TL;DR: Rust gives you fearless concurrency on the CPU, but GPU kernel programming still requires unsafe code. cuTile Rust carries Rust's ownership model across the launch boundary and maintains it via a safe tile-based programming model that compiles to Tile IR. The host-side GPU work you write composes into synchronous launches, async pipelines, or a CUDA graph you capture once and replay.

It works by letting you partition mutable output tensors into disjoint pieces on the host: Each tile program gets an exclusive `&mut` view of its piece and the inputs as shared `&` reads. Kernels are written with single-threaded semantics, and the compiler maps that to thread blocks and manages shared memory. Because the pieces are provably disjoint and ordering is threaded through mutable references, you get compile-time data-race freedom when using the safe surface API. As with any other Rust tool, safety remains extensible: Any functionality not yet exposed safely can be made available by writing your own safe abstractions over unsafe code where you supply the invariants yourself. The lower-level Tile IR operation surface (as of CUDA 13.3) is exposed through unsafe intrinsics.

On the B200, an optimized safe GEMM kernel is competitive with cuBLAS: It's within 0.3% of a hand-written low-level (Tile IR) variant at ~92% of the GPU's dense f16 peak. Element-wise is ~7 TB/s. So on these kernels the safety is effectively free. We also worked with Hugging Face to evaluate Grout, a Qwen3 inference engine built on cuTile Rust. In batch-1 Qwen3 decode, Grout reaches 171 tokens/s for Qwen3-4B on an NVIDIA GeForce RTX 5090 and 82 tokens/s for Qwen3-32B on a B200, showing strong performance on memory-bound inference tasks, consistent with our HBM roofline analysis. Benchmarks (harnesses + CSVs), hardware, and clock settings can be found in the repo. The full methodology is available in the paper: https://arxiv.org/abs/2606.15991

This is an early-stage research release: the tensor API is young (a few patterns still need raw pointers), GEMM trails cuBLAS at some sizes, and the tile model gives up SIMT-level control (explicit warp primitives, manual shared memory) in exchange for the semantics that make safety checkable. The recent 0.2.0 release added low-precision support (FP4 packing and block-scaled MMA on CUDA 13.3). These only just landed, so we haven't benchmarked them yet, but we expect them to perform well. Also, while Tile IR is not portable across GPU vendors, it is portable across NVIDIA GPU architectures: What you write in cutile-rs will work on sm_80+ (Ampere and up) with CUDA 13.3, but hardware-specific features such as native FP4 require architectures that support them.
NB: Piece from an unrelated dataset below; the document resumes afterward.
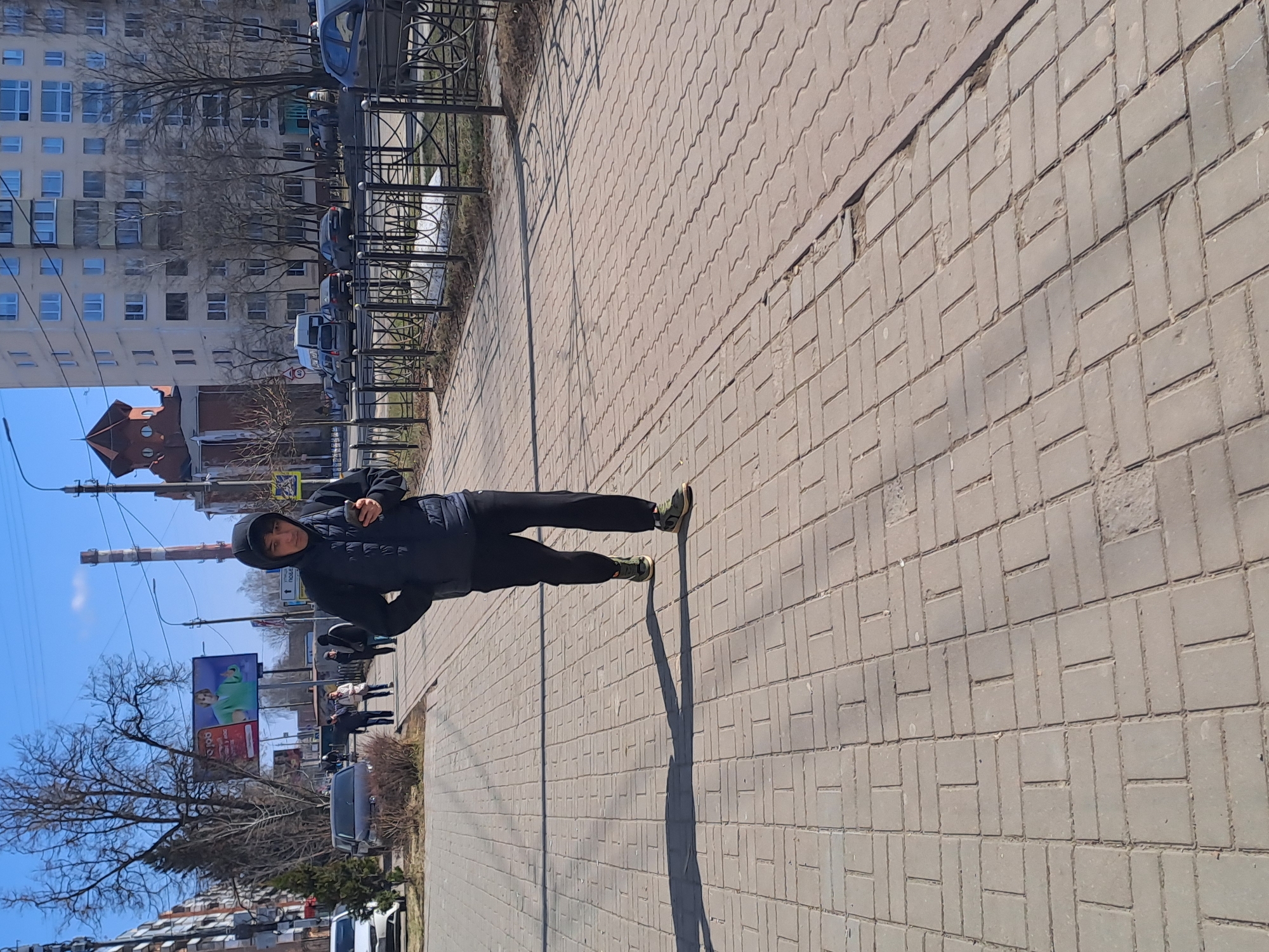 The scene depicts a young adult male walking on a grey paver sidewalk under a clear blue sky in Меткомелино, Russia. He is wearing a dark hooded puffer jacket, dark pants, and green sneakers, looking down at a smartphone held in his right hand; his left hand is in his pocket. A long shadow is cast to his left. To the immediate right of the sidewalk, a black metal fence separates it from a road where several vehicles, including cars and vans, are parked or in motion. Patches of dirty snow are visible near the fence. Further right, a multi-story, light-colored residential building stands prominently, behind which a distinct red-brick building with a reddish-brown turreted roof and round windows is visible. In the mid-ground to the left, several other pedestrians are walking on a similar sidewalk. A large billboard displaying an advertisement featuring a person in a green top holding a mobile phone is prominent. Bare trees and utility poles line the street. A tall, grey industrial smokestack is visible in the distant background on the left. Buildings of varying heights and styles are present on both sides of the street. The overall lighting suggests a bright, sunny day, likely in late winter or early spring given the bare trees and residual snow.

The latest release is on crates.io. After setting up CUDA 13, you can `cargo add cutile` to pull it into your own project, or clone the repo and `cargo run -p cutile-examples --example hello_world` to try it out. Most of what's here has co-evolved with community feedback and contributions since we made the repo public. We read everything that comes in, so anything you raise will shape the direction of this project. If you have a cool feature idea, open an issue or a PR and let's discuss.